The degree of positive caster depends on what you do with the car. Here's my experience: Decades ago, I noticed that the Alfa GTA Junior of one of my autocross competitors seemed to "turn in" much better than my 1971 1750 Spider. He revealed that a co-worker engineer at Ford recommended he add as much positive caster as the adjustment allowed (similar to your pictures). I learned that additional positive caster gave additional negative camber on the outside wheel (only) when cornering - hence more front grip - but that the steering effort went up since turning the wheel raised the car, and the return to center was much stronger.
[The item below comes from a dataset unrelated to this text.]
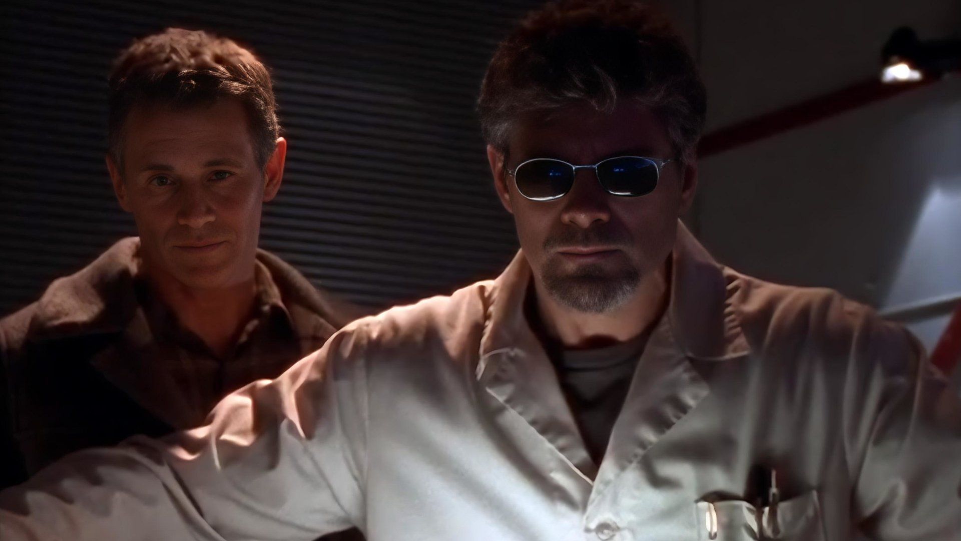 E12Double HelixSince Dr. Martin Nodel is the most brilliant geneticist in the world, the students and staff at the university are willing to put up with a few eccentricities -- unlike his son Paul, who gets impatient with his father's behavior. However, Dr. Nodel's behavior goes beyond eccentric after he unveils his research into introns, mysterious genetic material which he believes hold the code for future evolution. After a successful animal test, Nodel secretly tries the formula on himself, with amazing and disturbing results. As his intelligence begins to grow, so do scales on his hands, strange markings on his body, and a mysterious hole in his back. And he seems to be getting instinctive messages telling him to bring 'subjects' to a remote wilderness location. When he arrives there, accompanied by six students including Paul and his girlfriend, he finds a group of heavily armed soldiers and the key to unlocking a mystery that goes far beyond human science. - Music of the Spheres

I finally tried the extreme adjustment on my car, and the increased front end grip changed the handling balance to the extent that I disconnected the rear sway bar to reduce the resulting oversteer. This caster adjustment was a good technique with the narrow tires of the day but I had to gradually back off as my tire width continually increased to what I use now; 275/35x15. Too much camber, whether from caster or camber adjustment, meant the outside of the tire contact patch was lifting off the ground and I used a tire pyrometer to optimize the suspension setting.

This information is for a dedicated autocross car and may have no application for use on your car, but I offer my experience for your information. Others may offer differing views that satisfied their needs.

... so I decided to have a go at adjusting the camber my self, looks like someone has mucked around with the caster rod adjustment, going by the position of the adjustable top arm, is this too much positive caster?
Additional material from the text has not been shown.